Los estúpidos del poder tienen la arrogancia de quien confunde silencio con olvido. Caminan inflados de autosuficiencia, convencidos de que operan desde un escondite maestro, cuando en realidad están parados frente a un ventanal con las cortinas abiertas. Se mueven con el descaro del que cree que nadie escucha, usan al chofer como testaferro como si eso engañara a alguien, montan empresas en Panamá como si fueran invisibles, y sueltan veneno desde cuentas anónimas creyendo que el mundo no los tiene ubicados.
Pero aquí todo se sabe. Siempre se ha sabido. Se sabe quién es, cómo reparte, con quién hizo y hace negocios, quién le abre puertas y quién le calienta la cama. Se saben sus horarios, sus vicios, sus rutas y sus caprichos. La idea de anonimato es solo suya; para todos los demás, su nombre lleva rato circulando en voz baja, en los mismos pasillos donde se negocian favores y se cuentan pecados sin filtro.

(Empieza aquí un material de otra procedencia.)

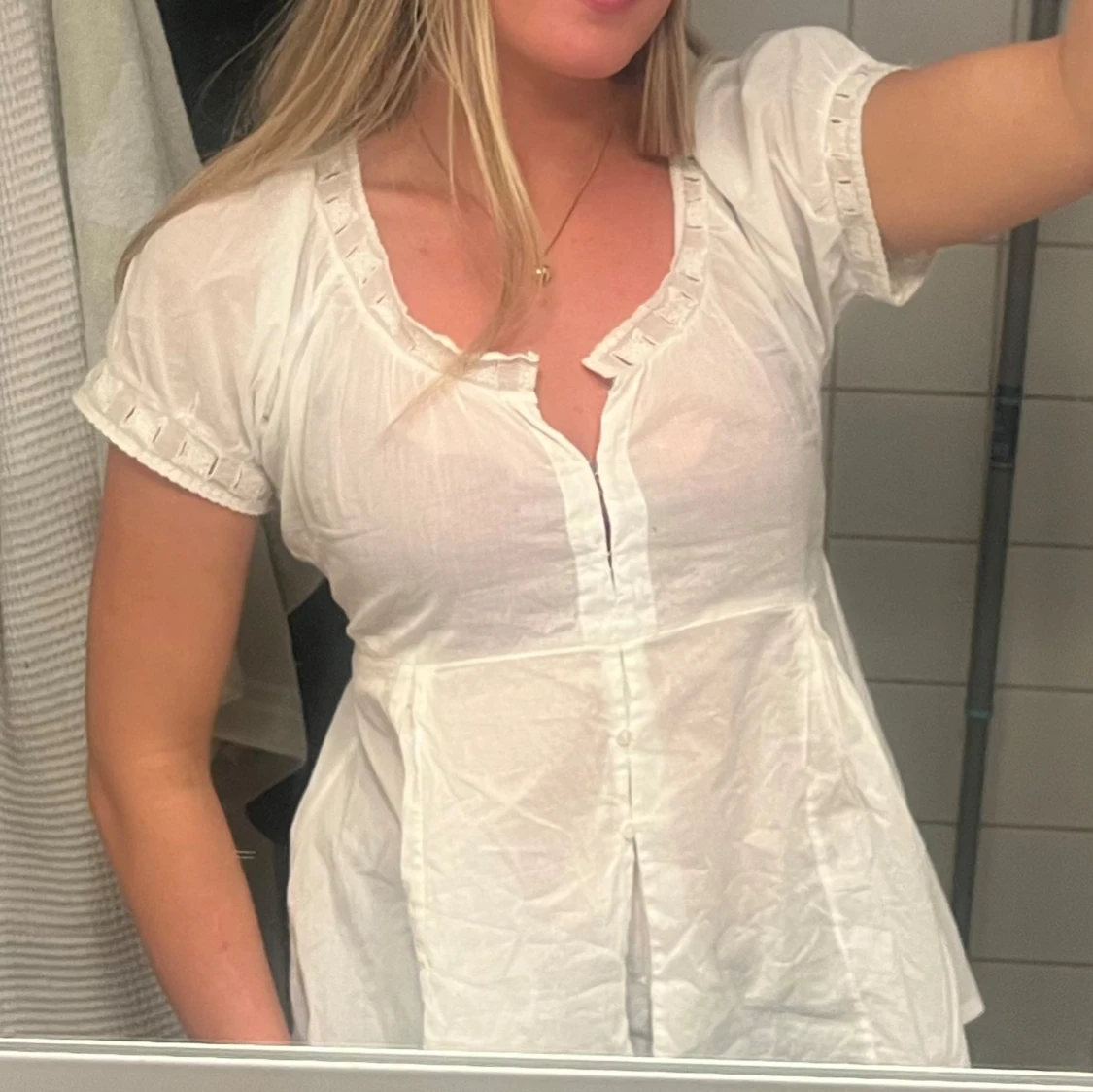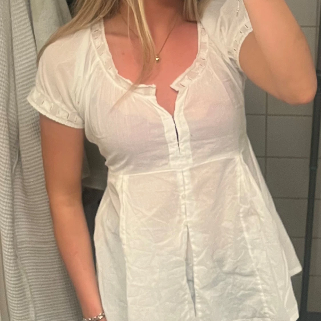 Säljer en söt vit blus med korta ärmar och rund halsringning. Blusen har fina rynkade detaljer vid ärmslut och hals. Perfekt för en somrig look!

Pueden subirse a su yipeta blindada y sentirse impenetrables, pero el plomo nunca fue su problema: su verdadero enemigo es el escrutinio público. Y ese no se esquiva, no se negocia, no se mata. Ese llega como llega la tormenta: de repente, sin pedir permiso y sin ofrecer refugio. Y cuando llega, se acaba el guaperío y empiezan los cólicos. No hay antidiarreico que aguante el peso de la verdad cuando esta toca la puerta.

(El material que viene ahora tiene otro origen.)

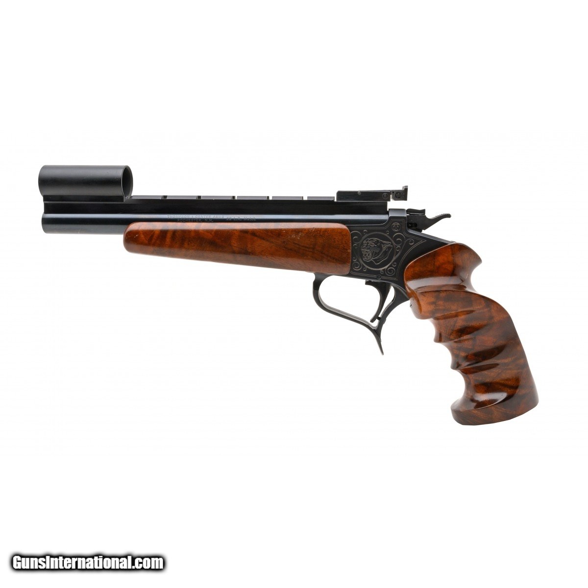 Description: " SN:454043. Made in 1999. .22LR with a 10"" barrel. Bore is in excellent condition. Single shot target pistol. Finish and engraved receiver are in excellent condition. Pistol has hooded front sight, scope mounting rail and custom thumb rest grips. Overall condition is excellent. SOLD |

Mientras ellos jugaban a ser estrategas, su obra ya estaba pudriéndose por debajo. El agua empezó a filtrarse hace rato: un contrato mal armado, una empresa sospechosa, un chofer que sabe demasiado, un comentario fuera de lugar. Las grietas no nacen en público; se gestan en la arrogancia. Y cuando revientan, no hay blindaje que sirva.